Cell‐Penetrating Dynamic‐Covalent Benzopolysulfane Networks

Abstract

Cyclic oligochalcogenides (COCs) are emerging as promising systems to penetrate cells. Clearly better than and different to the reported diselenolanes and epidithiodiketopiperazines, we introduce the benzopolysulfanes (BPS), which show efficient delivery, insensitivity to inhibitors of endocytosis, and compatibility with substrates as large as proteins. This high activity coincides with high reactivity, selectively toward thiols, exceeding exchange rates of disulfides under tension. The result is a dynamic‐covalent network of extreme sulfur species, including cyclic oligomers, from dimers to heptamers, with up to nineteen sulfurs in the ring. Selection from this unfolding adaptive network then yields the reactivities and selectivities needed to access new uptake pathways. Contrary to other COCs, BPS show high retention on thiol affinity columns. The identification of new modes of cell penetration is important because they promise new solutions to challenges in delivery and beyond.

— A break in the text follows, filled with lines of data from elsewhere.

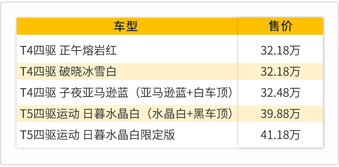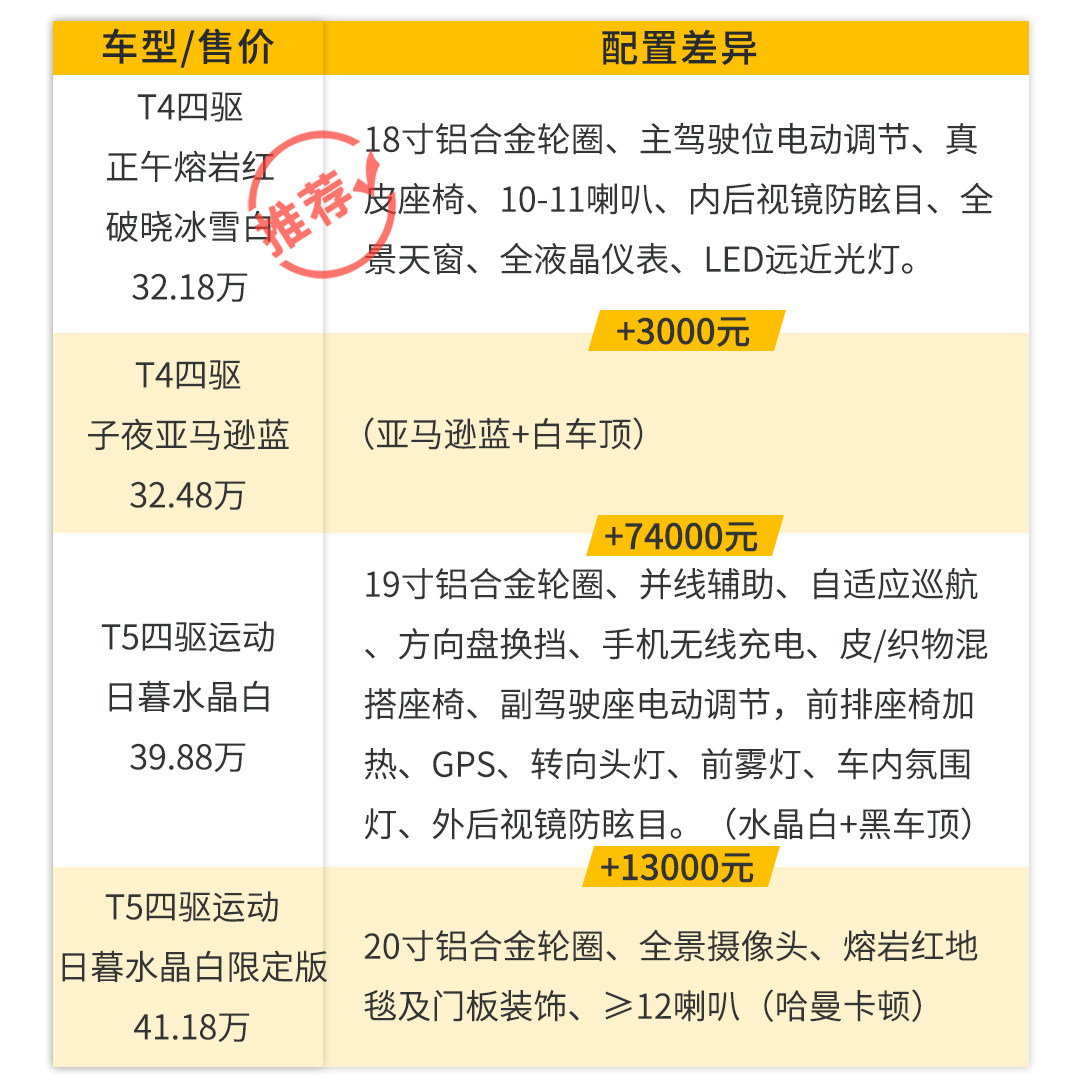 的确,从性价比的角度来看,最低配是最值得推荐的,该有的配置应有尽有。再其次是因为,上到T5动力的时候,加的动力不少,配置不少,钱更不少,但是刚刚已经说了T5动力对于这样一款SUV来说还是有点过剩了,而且加的配置也不会太实用。(亚马逊蓝加的钱都在车漆上,其他配置和最低配一样)不过只追求外观颜色的朋友更建议去后期贴膜,想要什么颜色都要。
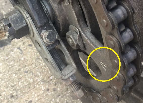 However, installing the larger 39 tooth sprocket would likely cause the chain to contact the shocks even more. That makes me believe that a spacer may be turned the wrong way around or installed in the wrong spot. Also, notice in the 3rd image below the sprocket nuts are running way too close to the lower shock mount bolt. The 4th image below shows the spacer on my KZ650-C1. You can see there is a bit more of it between the sprocket and swing arm than on your bike.
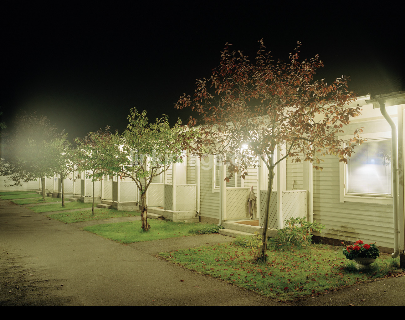 - house, night, planting, townhouse, entrance, lighting, pavement
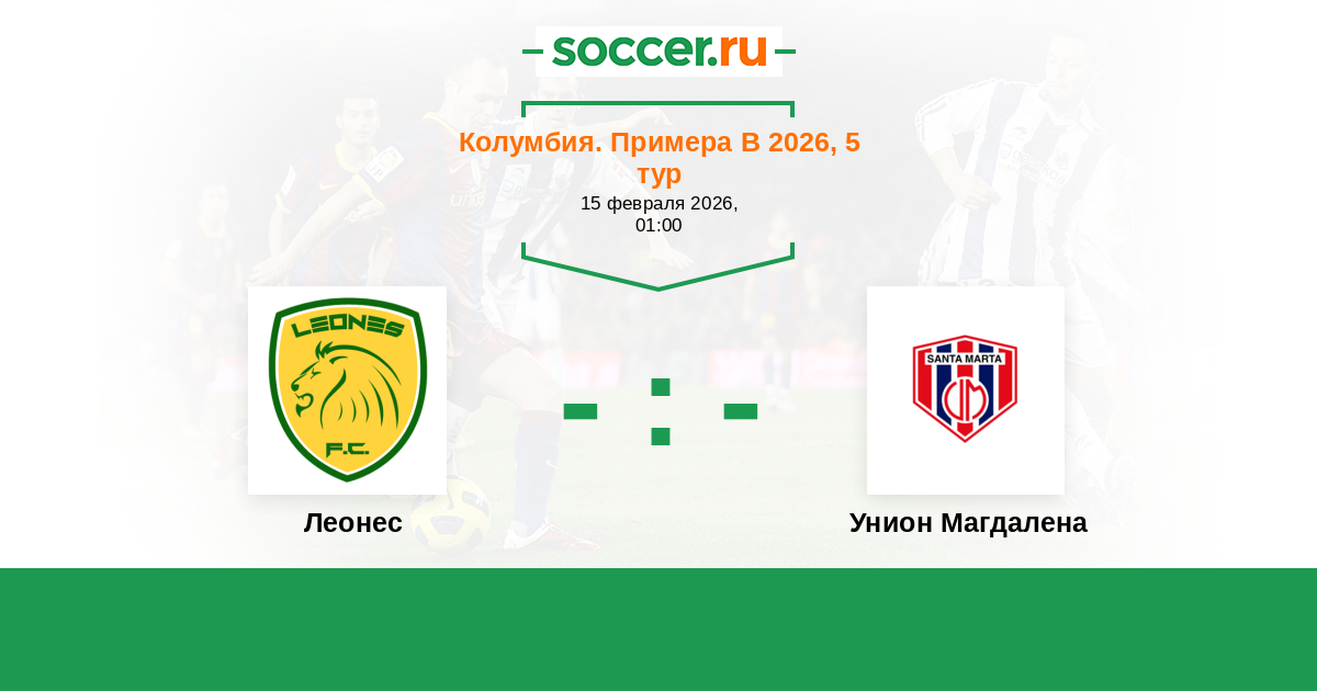 Колумбия. Примера B 04.09.2021 Леонес Логотип футбольный клуб Леонес (Итагуи) 3:0 Логотип футбольный клуб Унион Магдалена (Санта Марта) Унион Магдалена
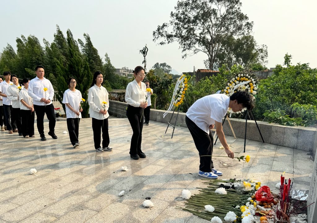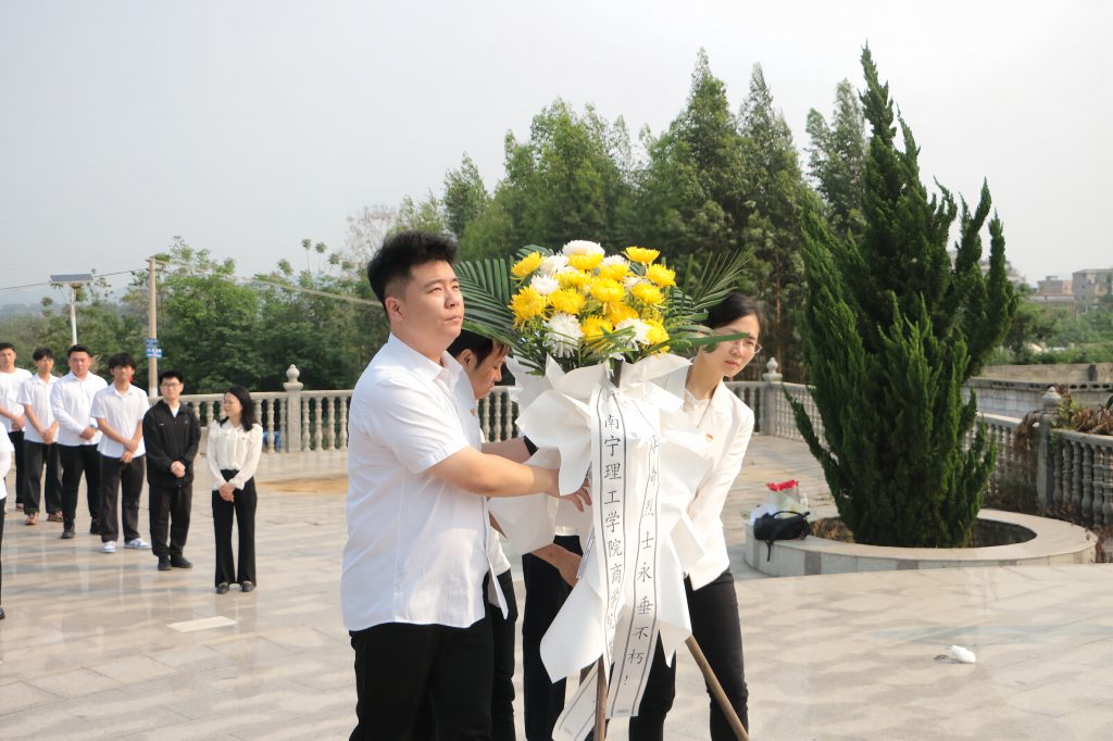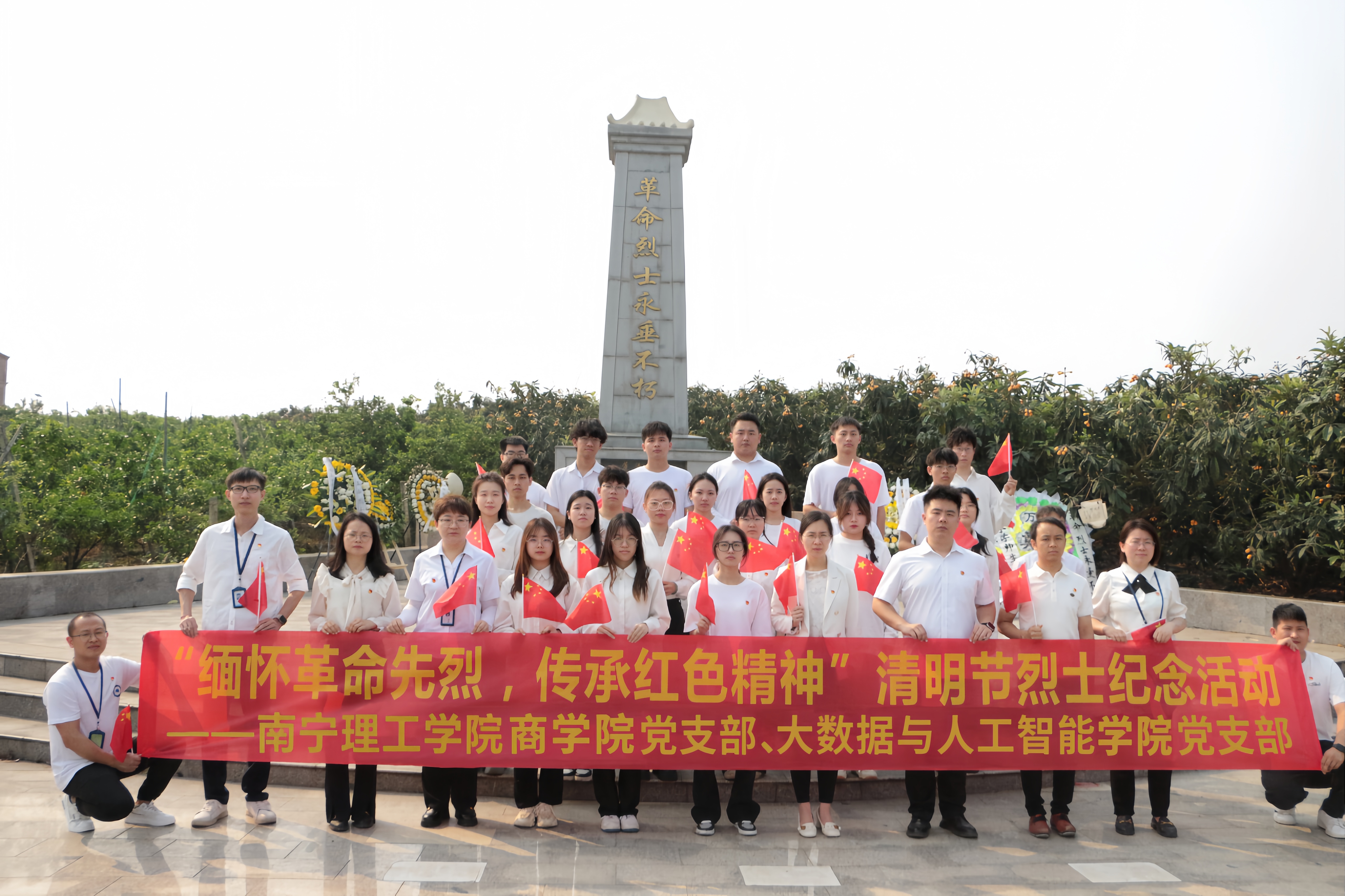 为深入贯彻习近平总书记“把红色资源利用好,把红色传统发扬好,把红色基因传承好”的重要指示精神,激发广大学生的爱国主义情怀,追寻烈士的光辉足迹,缅怀革命先烈的丰功伟绩,继承和发扬红色革命精神。4月3日,南宁理工学院商学院前往夏黄村烈士纪念碑组织开展“清明祭英烈,共筑中华魂”主题党日活动,分团委副书记杨笑宇,学院副教授姚顺良,辅导员梁爱想、罗超、李欢、秦幸峰、赵星璐、孟继志及学生代表们共同参加。
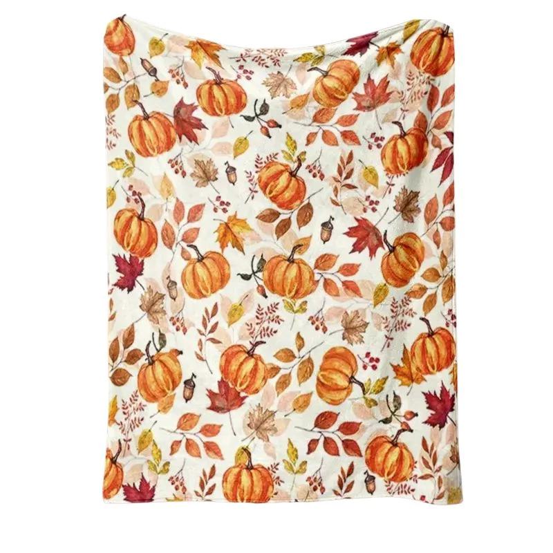 Őszi Tök és Levélmintás Flanel Takaró – 150×130 cm BW5475772-4
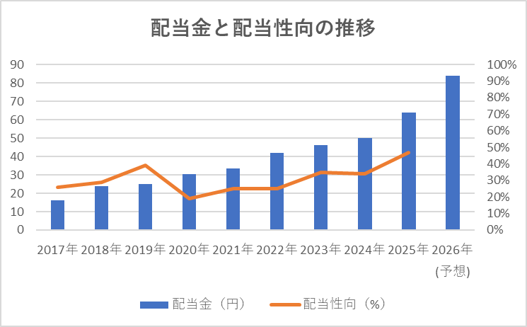 配当性向:基本的には30-50%と健全な水準。
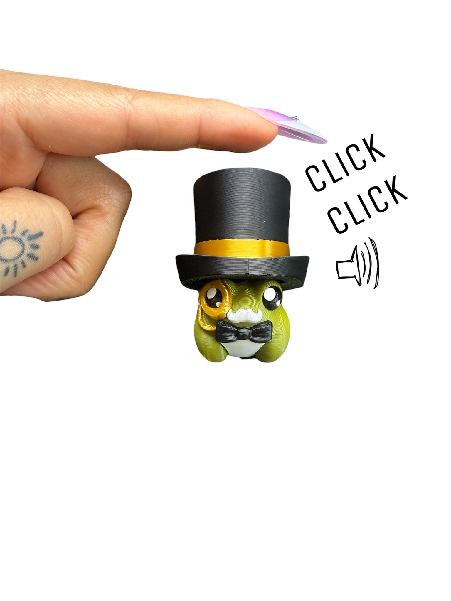 This listing is for one fidget toy, 3-D printed clicker keychain. Frog with top hat
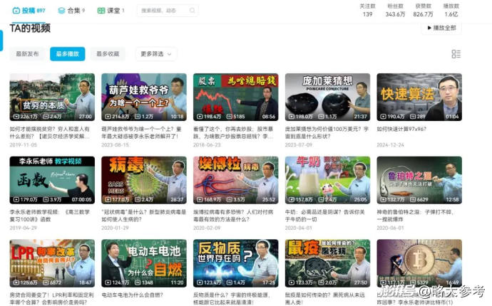 截至2025年,李永樂(lè)創(chuàng)作的科普視頻累計(jì)超450個(gè),全網(wǎng)播放量超10億,其作品被網(wǎng)友稱為“永樂(lè)大典”——與明朝《永樂(lè)大典》形成文化意象的跨時(shí)空呼應(yīng),而他也由原來(lái)單純的物理老師變?yōu)榉何幕I(lǐng)域現(xiàn)象級(jí)的網(wǎng)紅代表。

Benzopolysulfanes (BPS) are cyclic oligochalcogenides (COCs) characterized by large rings of sulfur atoms fused to a benzene ring.1, 2, 3 Dominant are pentasulfides as in 1–3, i.e., BPS₅, also referred to as pentathiepins (Figure 1).1, 2, 3 They occur as natural products—with the dopamine‐derived varacin from tunicates probably best known—, have attracted attention as a challenge in total synthesis,4 and appeared as top hits from the screening of large libraries for targets in the brain of living animals.5 Benzopolysulfane rings are not very strained (XSSX dihedral angles ≥72°),6 but excel with unique, complex chemistry.1, 2, 3, 4, 5, 6, 7 This extreme sulfur chemistry attracted our attention in our search for new ways to enter cells. From cell‐penetrating peptides (CPPs)8 to cell‐penetrating poly(disulfide)s (CPDs)9 and COCs,10, 11, 12, 13 the cellular uptake via dynamic covalent dichalcogenide exchange chemistry has come to prominence, often referred to as thiol‐mediated uptake, with exofacial thiols as initial targets and continuing on the way into the cell.10, 11, 12, 13, 14, 15 Promising results with strained cyclic disulfides10, 11 and diselenides12, 13 called for a shift of attention to the extreme sulfur chemistry of higher oligochalcogenides.1 We here report that BPS₅, for example, 1, outperforms all known COCs, and, most importantly, that BPS₅ penetrate cells in a new way, i.e., by in situ selection from adaptive dynamic‐covalent networks16, 17 of extreme sulfur species with high reactivity, high selectivity, and strong retention by thiols.

Figure 1.

Cellular uptake of BPS₅  1 into HeLa Kyoto cells compared to 4–8. a) Selected original flow cytometry data (20 μm, 45 min, Leibovitz's medium). The position of the compound numbers reflects the approximate fluorescence intensities after correction using quenching factors (QFs) of reduced COCs (note the log scale). b–g) Uncorrected CLSM images (10 μm, scale bar: 10 μm; laser power (LP): 15 %, with QFs of reduced COCs for correction if desired). Previously reported COCs are in gray.10, 11

Target molecules 1–8 were accessible by substantial multistep synthesis (Figure 1, Scheme 1, and Supporting Information, Schemes S1–S3 and S5–S8). BPS₅  1 was prepared from catechol 9 following the Greer procedure.3 Dithiastannole 10, obtained in six steps from 9, was treated with S₂Cl₂ to give 11,3 which in turn was condensed with an amine equipped with fluorescein (FL–NH₂) to yield BPS₅  1. Biotinylated and TEGylated BPS₅  2 and 3 were prepared correspondingly. ETP₄  4 was prepared from ethylamine 12, which was converted into heterocycle 13 as described.11 Methanolysis of thioesters followed by treatment with S₂Cl₂,18 removal of the tert‐butyl ester in 14, and reaction with FL–NH₂ yielded ETP₄  4. A close congener of ETP₂  5,11 ETP₂  6 was newly prepared from amine 15, also to explore the advantages of a phenyl group during synthesis.

Scheme 1.

a) 6 steps, Scheme S1;3 b) S₂Cl₂, 0 °C to rt, 24 h, 20 %;3 c) FL–NH₂, DMF, rt, 12 h, 14 %; d) 6 steps, Scheme S5;11 e) 1. NH₃, MeOH, rt, 30 min, 2. S₂Cl₂, CH₂Cl₂, 0 °C to rt, 2 h, 58 %; f) 3 steps; g) 10 steps, Scheme S6. PNP=p‐nitrophenyl.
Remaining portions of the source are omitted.